There have been some efforts to annotate clinical text with coreference temporal relation information. Mowery et al.7 annotated 24 clinical reports of different types and annotate temporal expressions using the format defined by Zhou et al.2 They additionally annotate Trigger Terms that are explicit signals (words and phrases) in text other than temporal expressions whether a condition is recent or historical. However, they only examine temporal expressions annotation and the annotation format does not fully capture the requirements for temporal reasoning and coreference resolution within and across clinical narratives of a patient. We attempt to define an annotation format that supports these tasks and in turn enables creation of a longitudinal record of events over a patient’s medical history.
Savova et al.5 propose how they are going to work towards temporal relation discovery with the long-term goal of integrating temporal reasoning into cTAKES.8 Their objective is to generate a timeline of events from clinical text.

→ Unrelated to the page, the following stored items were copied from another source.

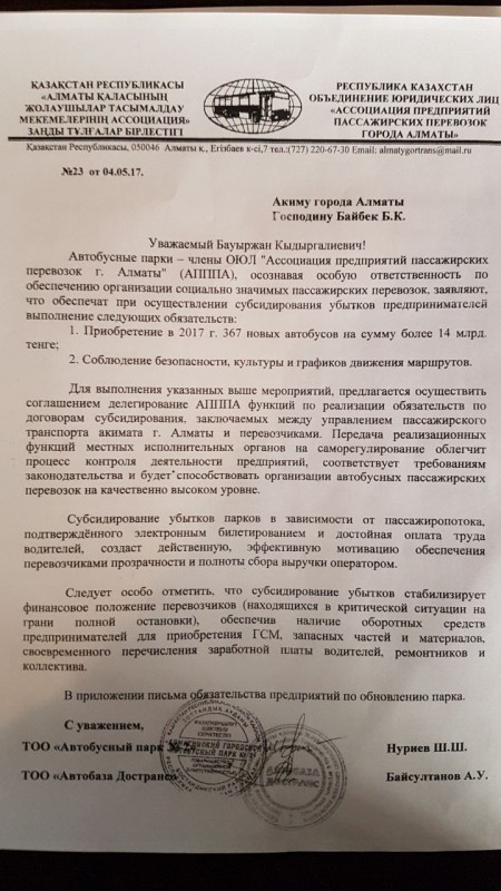 "Особо надо отметить, что бюджету в принципе не надо нести затраты на приобретение автобусов и создание парка, так как бизнес сам готов обеспечить выполнение этих задач. Об этом излагалось в письме акиму города, где перевозчики обязались в 2017 году при условии субсидирования убытков приобрести 367 автобусов на 14,6 миллиарда тенге. Также взяты обязательства, что будут обеспечены безопасность движения, культура и качество обслуживания пассажиров", - отмечается в обращении.
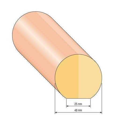 Madlo z nastaveného smrku, průměr 48 mm, délka 2000 mm.
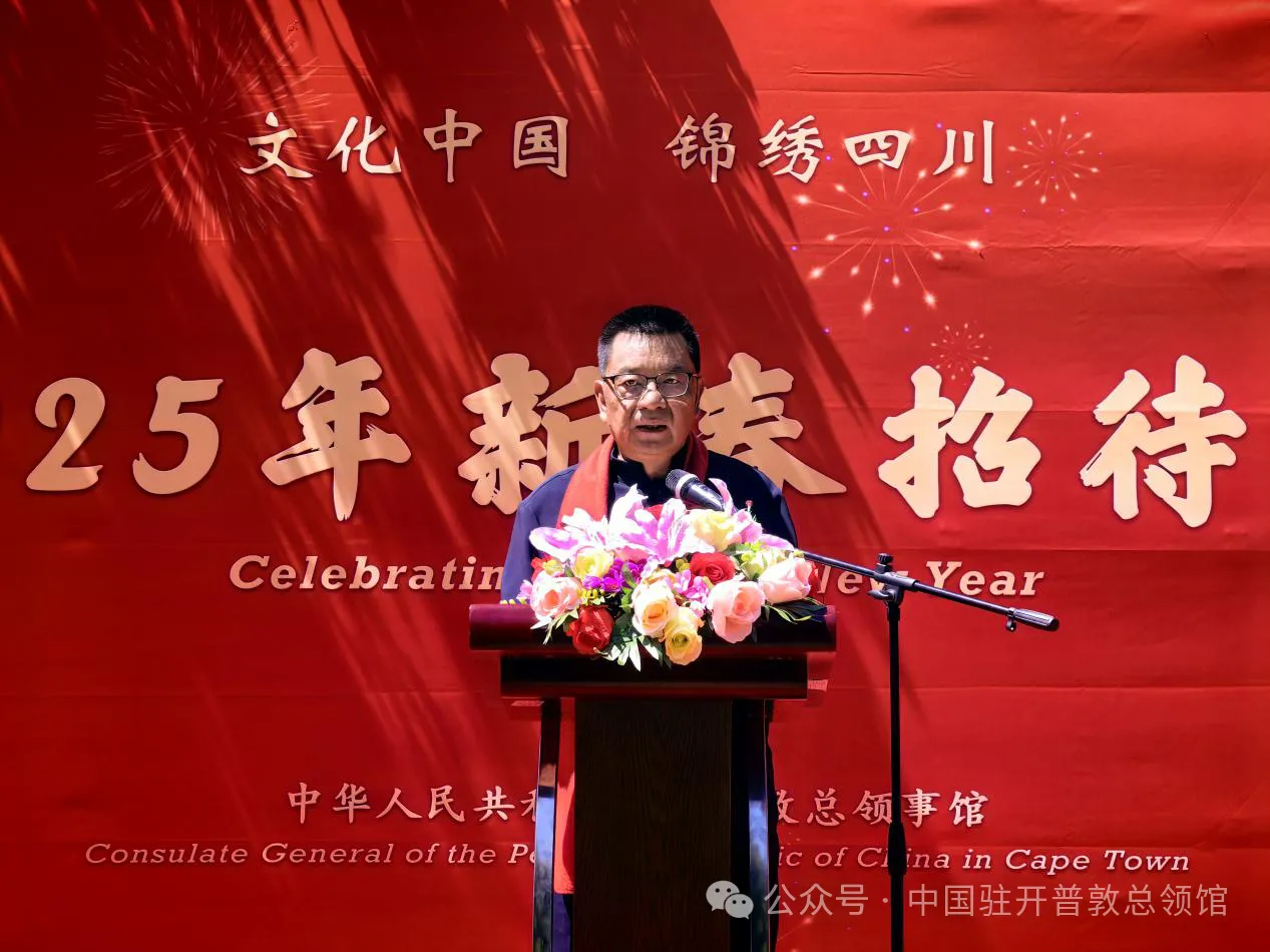 祥狮献瑞,恭贺新春。开普敦华星艺术团带来的舞狮表演为招待会拉开了序幕,生动活泼的狮子在锣鼓声中嬉戏翻腾,洋溢着节日的欢庆气息,将现场气氛瞬间点燃。随后,中国驻开普敦总领事尤文泽向全体与会嘉宾表达诚挚的问候和美好的新春祝福。

They observe how off the shelf parsers don’t work well with medical data as most of the parsers are trained on The Wall Street Journal. They note for example that rash is typically an adjective in newswire, but is a noun in clinical notes; erythema is not identified as a noun. They think a sufficient amount of domain training should help solve this. They also observe that in case of PropBank (used for semantic role labeling), the misidentification is due to inaccurate POS tagging. They propose using TimeML for tagging clinical narratives. They do not explain why or how these tags are the right choice.
Our annotations build on TimeML, but define new tags and tag attributes. Our contributions include the introduction of a new class of events called Medical. This is motivated by the observation that medical events do not have properties similar to events described in TimeML. Further, attributes like TENSE and ASPECT are not applicable to medical events. They may not be useful for other types of events either, as most clinical narratives are written in the PAST tense. Since our primary interest is in ordering medical events, we argue that there is a need to define special, domain-specific attributes for medical events that help identify coreferring medical events and help relate medical events to each other as well as other types of events, in order to generate a timeline of unique medical events.
Annotations
Medical Event
In the context of this work, a medical event or concept is any word or contiguous group of words found in a patient narrative that describes a medical condition affecting the patient’s health. This includes all diseases and disorders, normal health situations like pregnancy that may affect the patient’s health, as well as any treatments, procedures and drugs administered to the patient. A medical event describes the patient’s state, at particular time point or time duration, as seen from a medical standpoint.
In order to make the annotation of medical events consistent across annotators, we ask them to consider words or phrases that have a meaningful and contextually relevant match in the Unified Medical Language System (UMLS version 2011AA).9 The annotators have access to the UMLS Terminology Services Metathesaurus Browser.
The annotators were asked to mark the following as medical events:
- Any disease or disorder. These include medical conditions, which are typically nouns. For example, heart attack, chest pain, hypothermia, diastolic dysfunction etc.
- Any treatment, test or procedure. These are again generally nouns. For example, echocardiogram, cholesterol profile etc.
- Any drugs administered. These are typically nouns which are names of drugs such as beta blockers, niacin.
- Any normal health condition that requires health care such as pregnancy.
- Any observations related to the patient that may affect his health care. These could be nouns or verbs based on context (e.g., smoking, drug abuse).
Medical Event Coreference
Another important annotation label is the coreference label. Annotators are assigned the task of marking co-referential events within and across clinical narratives for each patient. This involves identifying all medical events across the narratives for a patient and determining which mentions of events across these clinical narratives are referring to the same instance of an event in time. This enables us to create a non-redundant list of medical events that have occurred in a patient’s medical history.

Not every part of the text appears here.